Bekelman David B, Hooker Stephanie, Nowels Carolyn T, Main Deborah S, Meek Paula, McBryde Connor, Hattler Brack, Lorenz Karl A, Heidenreich Paul A
1 Eastern Colorado Health Care System , Department of Veterans Affairs, Denver, Colorado.
J Palliat Med. 2014 Feb;17(2):145-51. doi: 10.1089/jpm.2013.0143. Epub 2013 Dec 11.
People with chronic heart failure (HF) suffer from numerous symptoms that worsen quality of life. The CASA (Collaborative Care to Alleviate Symptoms and Adjust to Illness) intervention was designed to improve symptoms and quality of life by integrating palliative and psychosocial care into chronic care.
Our aim was to determine the feasibility and acceptability of CASA and identify necessary improvements.
We conducted a prospective mixed-methods pilot trial. The CASA intervention included (1) nurse phone visits involving structured symptom assessments and guidelines to alleviate breathlessness, fatigue, pain, or depression; (2) structured phone counseling targeting adjustment to illness and depression if present; and (3) weekly team meetings with a palliative care specialist, cardiologist, and primary care physician focused on medical recommendations to primary care providers (PCPs, physician or nurse practioners) to improve symptoms. Study subjects were outpatients with chronic HF from a Veteran's Affairs hospital (n=15) and a university hospital (n=2). Measurements included feasibility (cohort retention rate, medical recommendation implementation rate, missing data, quality of care) and acceptability (an end-of-study semi-structured participant interview).
Participants were male with a median age of 63 years. One withdrew early and there were <5% missing data. Overall, 85% of 87 collaborative care team medical recommendations were implemented. All participants who screened positive for depression were either treated for depression or thought to not have a depressive disorder. In the qualitative interviews, patients reported a positive experience and provided several constructive critiques.
The CASA intervention was feasible based on participant enrollment, cohort retention, implementation of medical recommendations, minimal missing data, and acceptability. Several intervention changes were made based on participant feedback.
慢性心力衰竭(HF)患者会出现多种症状,这些症状会降低生活质量。CASA(缓解症状与适应疾病协作护理)干预措施旨在通过将姑息治疗和心理社会护理纳入慢性病护理来改善症状和生活质量。
我们的目的是确定CASA的可行性和可接受性,并确定必要的改进措施。
我们进行了一项前瞻性混合方法试点试验。
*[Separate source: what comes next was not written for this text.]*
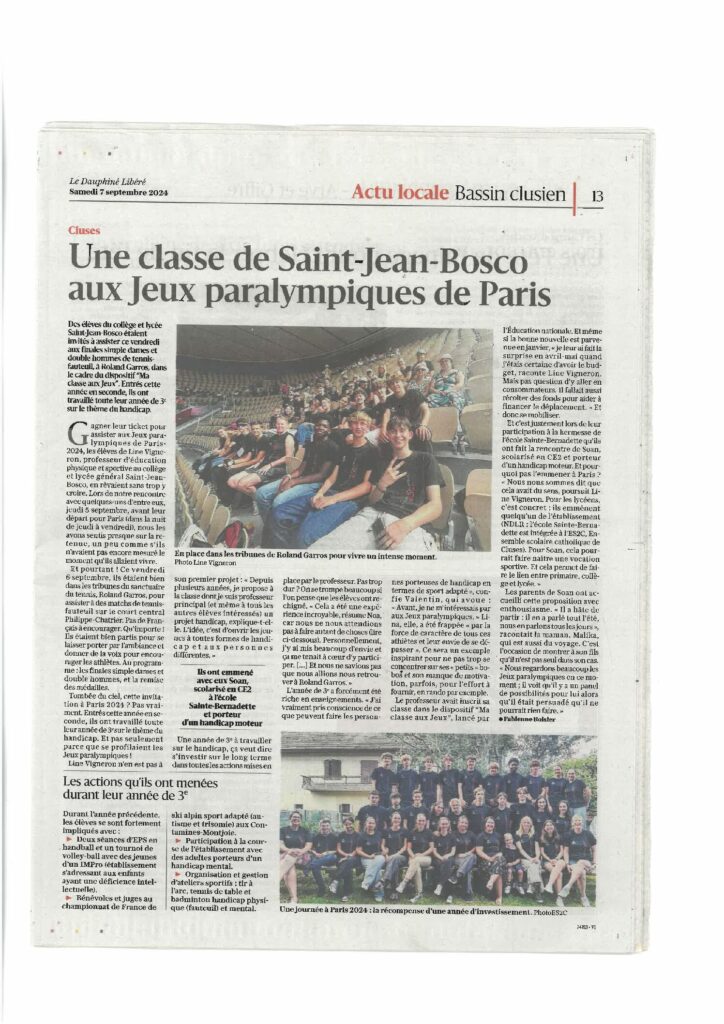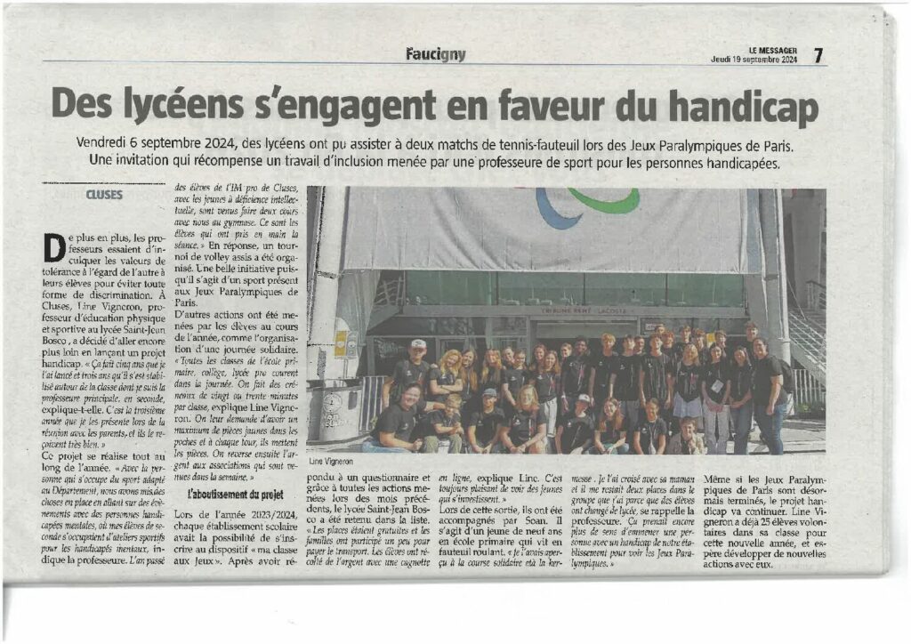 Saviez-vous que 30 élèves de la classe de 2nde A de l’année dernière, encadrés par Mme Vigneron, ont été sélectionnés pour assister à une épreuve des Jeux Paralympiques ?

CASA干预措施包括:(1)护士电话随访,包括结构化症状评估以及缓解呼吸急促、疲劳、疼痛或抑郁的指导方针;(2)针对适应疾病和抑郁(若存在)的结构化电话咨询;(3)每周与姑息治疗专家、心脏病专家和初级保健医生举行团队会议,重点是向初级保健提供者(PCP,医生或执业护士)提供医疗建议以改善症状。研究对象是来自一家退伍军人事务医院(n = 15)和一家大学医院(n = 2)的慢性HF门诊患者。测量指标包括可行性(队列保留率、医疗建议实施率、缺失数据、护理质量)和可接受性(研究结束时的半结构化参与者访谈)。
参与者均为男性,中位年龄为63岁。1人提前退出,缺失数据<5%。总体而言,87项协作护理团队医疗建议中有85%得到实施。所有抑郁筛查呈阳性的参与者均接受了抑郁症治疗或被认为没有抑郁症。在定性访谈中,患者报告了积极的体验并提出了一些建设性的批评意见。
基于参与者招募、队列保留、医疗建议的实施、极少的缺失数据和可接受性,CASA干预措施是可行的。根据参与者的反馈对干预措施进行了一些更改。